AB çıpasına hala ihtiyacımız var

Başbakan’ın Brüksel’de “sıkı bir azar” işiteceğini, bunun üzerine göstereceği fevri tepki sonucu AB’yle iplerin kopacağını, Türkiye’nin Batı’dan kopup başka mecralara yelken açacağını düşünen (daha doğrusu umut eden) çevreler ciddi bir hayal kırıklığı yaşıyor olmalılar.

Çünkü bunların hiçbiri olmadı. Elbette HSYK tasarısı başta olmak üzere belli endişeleri vardı AB’nin ve bunları dile getirdiler. Ama aynı zamanda siyasi iktidara karşı girişilen kuşatma operasyonunun da farkındaydılar ve dile getirdiler.
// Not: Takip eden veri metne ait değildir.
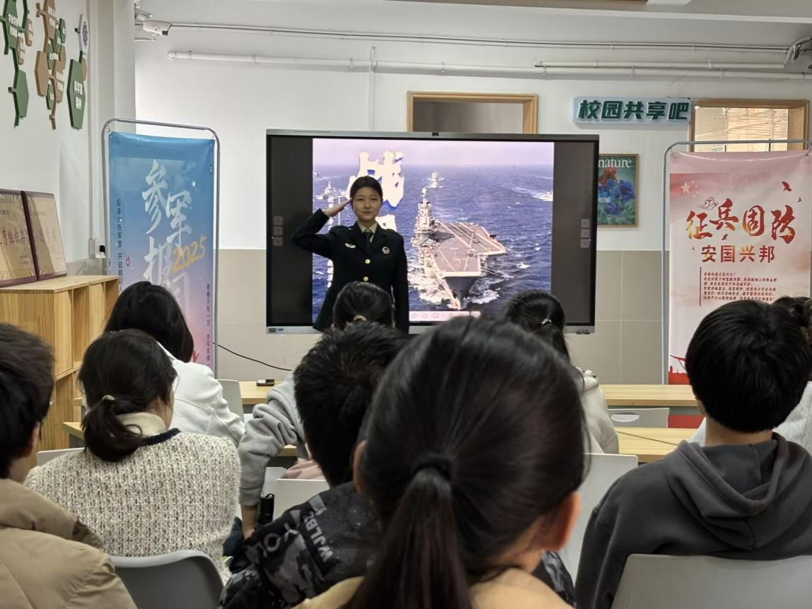 活动伊始,梁爽、巩雨洁结合自身军旅生涯,围绕大学生征兵政策展开详细讲解,并以“青春与迷彩相遇”为主题,通过视频和照片生动还原军营生活。她们向在场同学展示了青春的另一种打开方式,一身戎装就是一份荣耀,更是保家卫国的承诺。

Sonuçta, her iki tarafın da ipleri koparmaya niyeti olmadığını gösteren; birbirlerinden kolay kolay vazgeçemeyecekleri gerçeğini dikkate alarak yaptıkları ölçülü eleştiriler ve “birlikte çalışmanın sürdürülmesi” hakkında temenniler çıktı ortaya. Ki ben de zaten bunu bekliyor ve umuyordum.

Zira yaşadığımız son kriz, “Yeni Türkiye”yi kurabilmek için AB çıpasına hâlâ ihtiyacımız olduğunu bir kere daha gösterdi bize.
 
“Kendimiz için demokrasi” dedik ama…
 
Türkiye’nin AB üyeliğini savunanlar yıllarca, üyeliğin gerçekleşmesi kadar hatta ondan da önemli olanın, üyelik sürecinin kendisi olduğunu söylediler. Nitekim 2002’den bu yana yaşanan reform süreci de bunu doğruladı. Üyelik hedefiyle önümüze koyulan reform ajandası, son on yılda gerçekleştirilen büyük hamlelerin en önemli itici güçlerinden biri oldu.
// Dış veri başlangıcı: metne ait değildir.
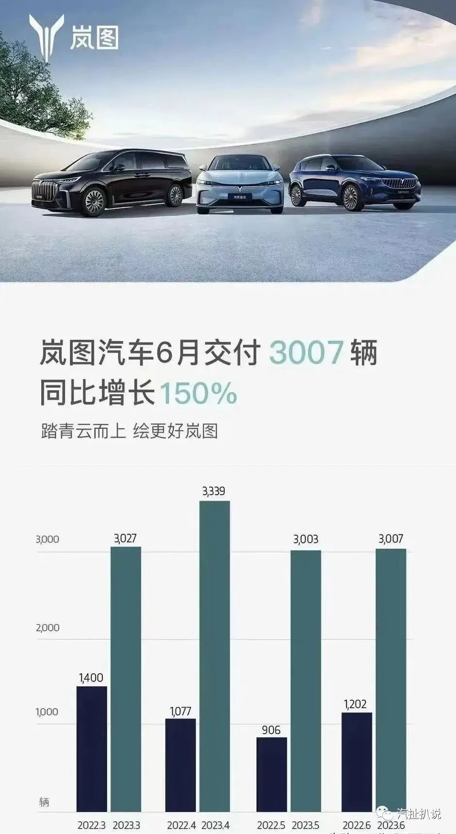 7月1日,嵐圖汽車公布了最新交付數(shù)據(jù)。2023年6月嵐圖交付新車3007輛,同比增長150%。嵐圖汽車自3月份以來連續(xù)四個月保持月銷量超過3000輛。

Son yıllarda AB’yle ilişkilerde yaşanan durgunluk, yeni fasılların açılmaması, Türkiye kamuoyunun AB heyecanını yitirmesi hatta negatif duyguların ağırlık kazanması, esas olarak bizden değil AB’den kaynaklanan bir durumdu. Daha ileri adımlar atılmaması için gösterilen gerekçelerin zahiri olduğu; asıl sebebin ‘Birlik’in bu büyüklükte Müslüman bir ülkeyi içinde eritemeyeceği korkusu olduğu yönünde güçlü bir kamuoyu algısı oluştu.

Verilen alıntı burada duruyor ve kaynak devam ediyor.